PaddlePaddle Book is an interactive Jupyter Notebook for users and developers. We already exposed port 8888 for this book. If you want to dig deeper into deep learning, PaddlePaddle Book definitely is your best choice.

Once you are inside the container, simply issue the command:
jupyter notebook
Then, you would back and paste the address into the local browser:
http://localhost:8888/
That’s all. Enjoy your journey!

CPU-only and GPU Images¶

For each version of PaddlePaddle, we release 2 Docker images, a CPU-only one and a CUDA GPU one. We do so by configuring dockerhub.com automatically runs the following commands:

docker build -t paddle:cpu -f paddle/scripts/docker/Dockerfile .
docker build -t paddle:gpu -f paddle/scripts/docker/Dockerfile.gpu .

To run the CPU-only image as an interactive container:

docker run -it --rm paddledev/paddle:cpu-latest /bin/bash

or, we can run it as a daemon container

docker run -d -p 2202:22 paddledev/paddle:cpu-latest

and SSH to this container using password root:

ssh -p 2202 root@localhost

An advantage of using SSH is that we can connect to PaddlePaddle from more than one terminals. For example, one terminal running vi and another one running Python interpreter. Another advantage is that we can run the PaddlePaddle container on a remote server and SSH to it from a laptop.

Above methods work with the GPU image too – just please don’t forget to install CUDA driver and let Docker knows about it:

export CUDA_SO="$(\ls /usr/lib64/libcuda* | xargs -I{} echo '-v {}:{}') $(\ls /usr/lib64/libnvidia* | xargs -I{} echo '-v {}:{}')"
export DEVICES=$(\ls /dev/nvidia* | xargs -I{} echo '--device {}:{}')
docker run ${CUDA_SO} ${DEVICES} -it paddledev/paddle:gpu-latest

Non-AVX Images¶

Please be aware that the CPU-only and the GPU images both use the AVX instruction set, but old computers produced before 2008 do not support AVX. The following command checks if your Linux computer supports AVX:

if cat /proc/cpuinfo | grep -i avx; then echo Yes; else echo No; fi

If it doesn’t, we will need to build non-AVX images manually from source code:

cd ~
git clone https://github.com/PaddlePaddle/Paddle.git
cd Paddle
docker build --build-arg WITH_AVX=OFF -t paddle:cpu-noavx -f paddle/scripts/docker/Dockerfile .
docker build --build-arg WITH_AVX=OFF -t paddle:gpu-noavx -f paddle/scripts/docker/Dockerfile.gpu .

Documentation¶

Paddle Docker images include an HTML version of C++ source code generated using woboq code browser. This makes it easy for users to browse and understand the C++ source code.

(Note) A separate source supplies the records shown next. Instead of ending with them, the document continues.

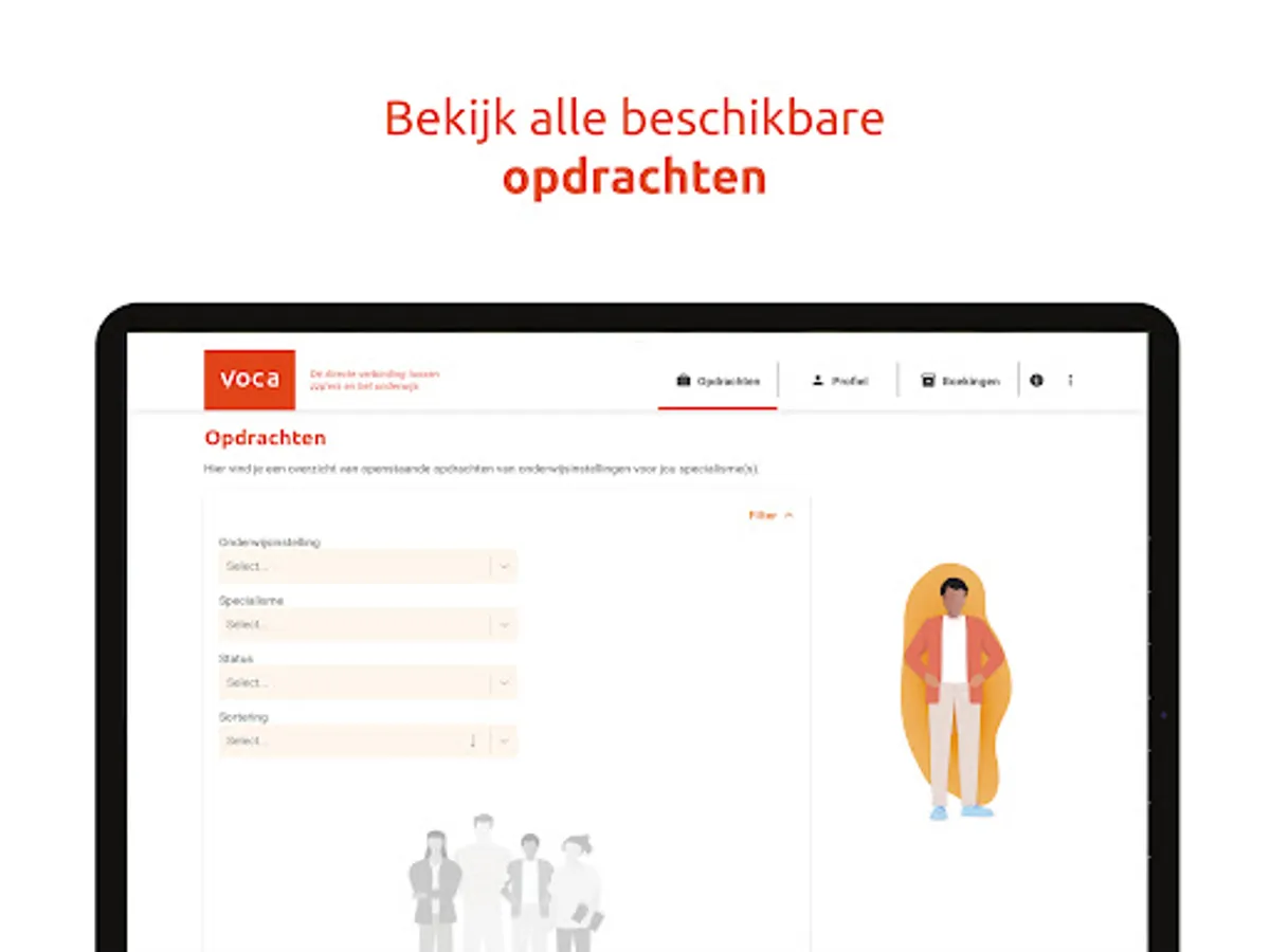 Voca Education is the direct connection between freelancers and education. As an educational institution, you have the option of placing assignments, searching for freelancers and booking them directly. As a self-employed person, you manage your own profile, indicate when you are available, determine your own rate and negotiate with the client(s) about the terms and conditions of the assignment.
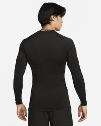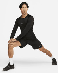 The Nike Pro collection is designed to help you feel confident pushing your limits, no matter how far along your exercise journey you are. This slim-fitting long-sleeve top has a smooth and stretchy feel perfect for high-intensity sports and activity. Extended hems in the front and back allow you to be comfortable while wearing the top tucked or untucked. Product Details - 90% polyester/ 10% spandex - Machine wash - Imported - Shown: Black/White - Style: FB7919-010 SIZE & FIT Model is wearing size M and is 6′2″188cm Tight fit: snug and form-fitting
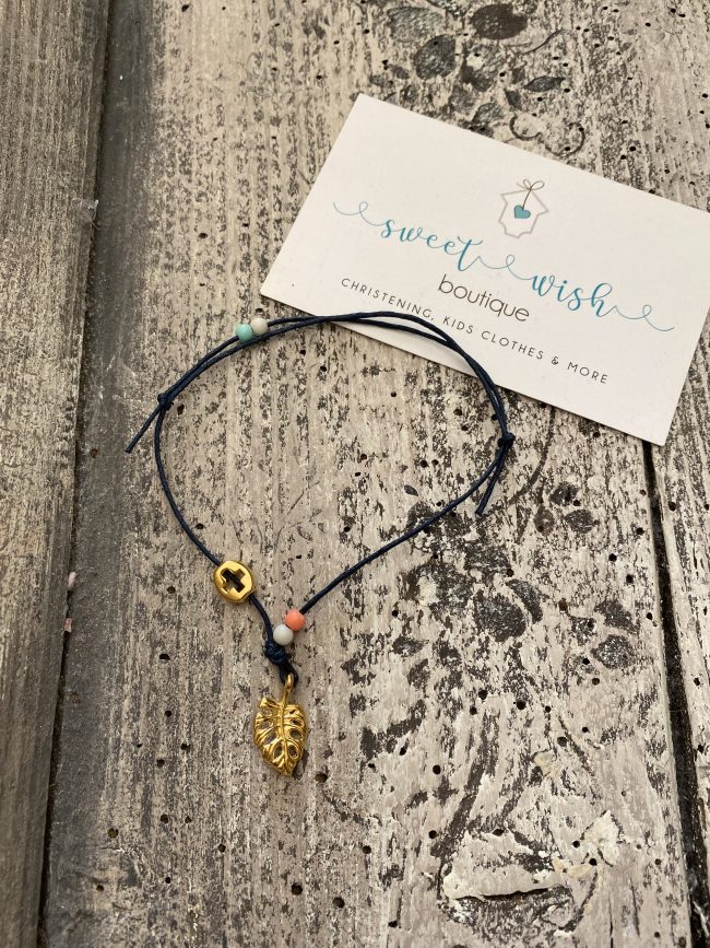 Χειροποίητο βραχιολάκι με χρυσό σταυρό και φυλλαράκι.
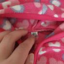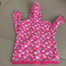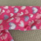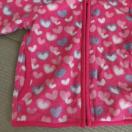 フリース素材のピンクのハート柄アウター、95サイズ、フード付きで暖かい。
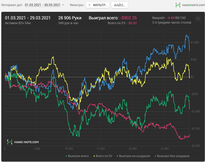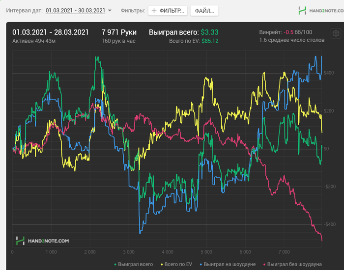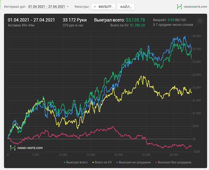 По факту чико +936$, старзы +1200$, покеркинг +730$, 888 -375$, итого +2491$, спасибо х2ну за охуенный трекинг покеркинга и чико. По факту просто приятный чилл отрезок, в котором я выигрывал префлоп монетки. После прошлого адского месяца позволил себе расслабон, который еще и принес какие-то деньги, приятно.
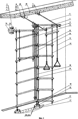 Спортивный комплекс состоит из П-образной скобы 1 с двумя кронштейнами 2, которые скреплены с П-образной скобой 1 болтами 3 и гайками 4. С П-образной скобой 1 гайками 5 соединяется тяга 6 с двумя ушками 7 и двумя кронштейнами 8, причем тяга 6 соединяется с ушком 7 гайками 9, а ушко 7 соединено с кронштейном 8 болтами 10 и гайками 11. На П-образной скобе 1 подвижно закреплены гимнастические элементы: канат для лазания 12, кольца гимнастические 13, перекладина 14, лестница веревочная 15, а также шведская стенка 16, которая выполнена в виде натянутых и закрепленных между П-образной скобой 1 и полом 17, двух гибких связей 18 с установленными на них с равным шагом горизонтальными перекладинами 19, и болтами 20 и гайками 21 соединена с кронштейнами 22.
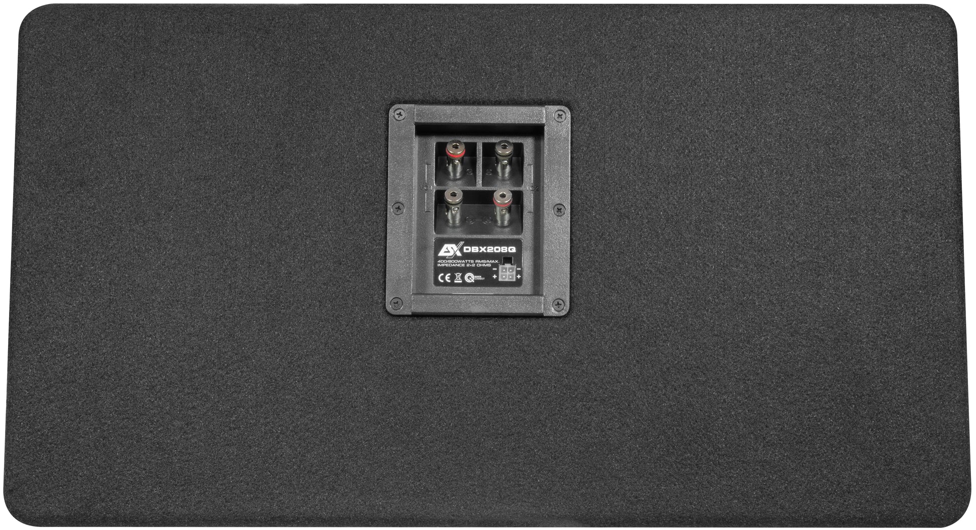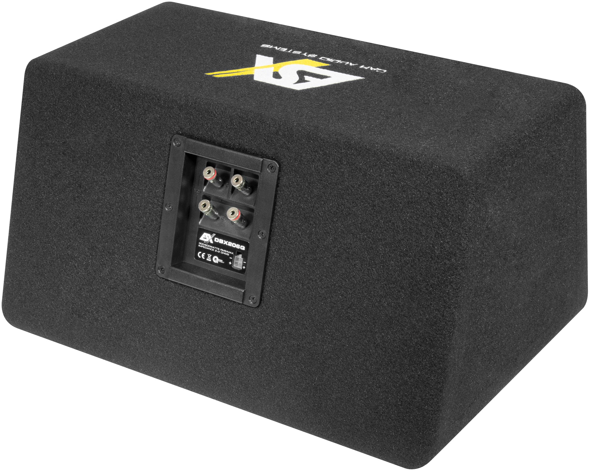 Leistung 300 W RMS / 600 W max. • Impedanz 2 + 2 Ω#Z• 6,5" (16,5 cm) Dual-Bassreflex-Box • gesticktes ESX Logo#Z• 2 Subwoofer mit je 38 mm VC • geschöpfte Membranen#Z• Massive 24 mm MDF Front mit eingelassenen Subwoofern#Z• Quick-Connect Anschlussterminal • Schutzgitter • 12,9 kg
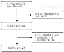 本文以"分化型甲状腺癌""淋巴结转移""侧颈淋巴结转移""颈淋巴结清扫术""侧颈淋巴结清扫术""differentiated thyroid cancer""cervical lymph node metastasis""lateral cervical lymph node metastasis""neck dissection""lateral neck dissection"等为中、英文关键词,在中国知网、万方数据库、PubMed等中、英文数据库中检索2019年12月之前发表的有关DTC侧颈部淋巴结转移特点及其诊疗进展方面的文献2 084篇,排除无法获取全文、内容不符、重复性及低质量的文献,最终纳入39篇文献,进行分析和总结。见图1。
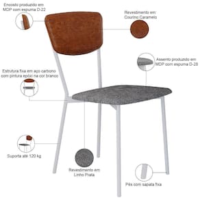ProductHeight: 83 cm | OriginState: PR | ProductWeight: 6,5 kg | ProductContents: 01 Cadeira | SupplierSimpleName: Cadeira Estofada Para Sala de Jantar Village Branco C01 Linho Prata Courino Caramelo - Lyam Decor | ColorSimple: Caramelo | Material: Estrutura em Aço e MDP, Revestimento em Linho, couro sintético e espuma | MaterialFamily: Aço, MDP, Linho, Couro sintético e espuma | Color: Caramelo | ColorSupplier: Caramelo | ProductWarranty: 90 dias após o recebimento do produto | ProductWidth: 43 cm | OriginCountry: Brasil | Model: Village | ColorFamily: Caramelo | ProductLength: 53 cm | ProductInstructions: Produto para uso em ambiente interno, nao devendo ficar exposto ao sol, calor e umidade excessivos. | SizeDescription: Altura: 83 cm x Largura: 43 cm x Profundidade: 53 cm | Cor: Amarelo
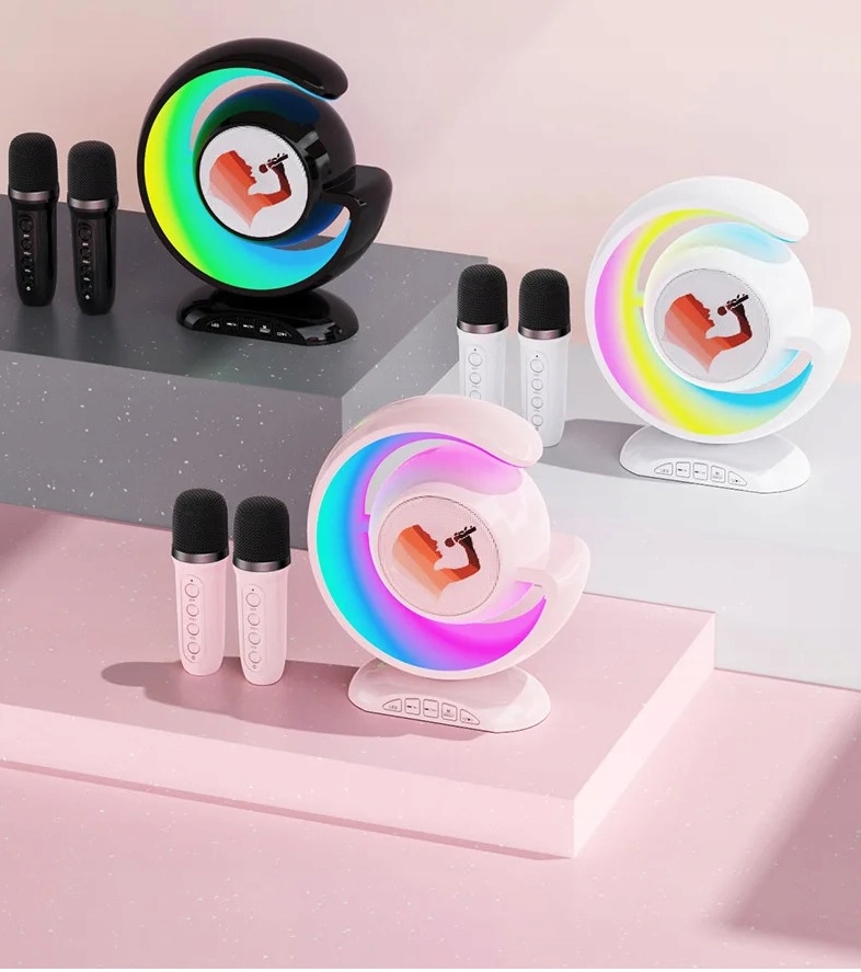 Głośnik karaoke wykorzystuje głośnik 40MM, jakość dźwięku HiFi, głębokie basy i przestrzenne stereo 3D, które mogą zapewniać teksturę muzyki bardziej realistycznie. Zestaw jest wyposażony w mikrofony o wysokiej jakości
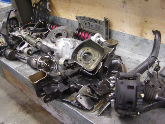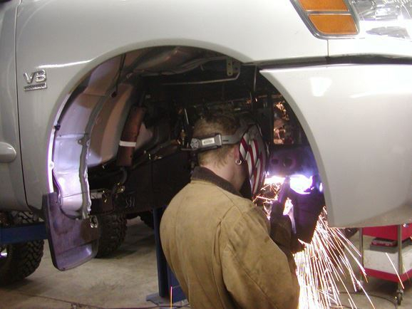 On the first day, we put the Titan up on the rack and checked it out. We couldn’t help but notice the quality of the components and design in the front end. The stock suspension design was actually pretty strong. It just wasn’t going to work for us. We attacked the truck with the plasma cutter! The pile of parts we removed quickly grew. In a few hours, most of the cutting was done. Out came the Grinder.

As long as we give the Paddle Docker container a name, we can run an additional Nginx Docker container to serve the volume from the Paddle container:

docker run -d --name paddle-cpu-doc paddle:cpu
docker run -d --volumes-from paddle-cpu-doc -p 8088:80 nginx

Then we can direct our Web browser to the HTML version of source code at http://localhost:8088/paddle/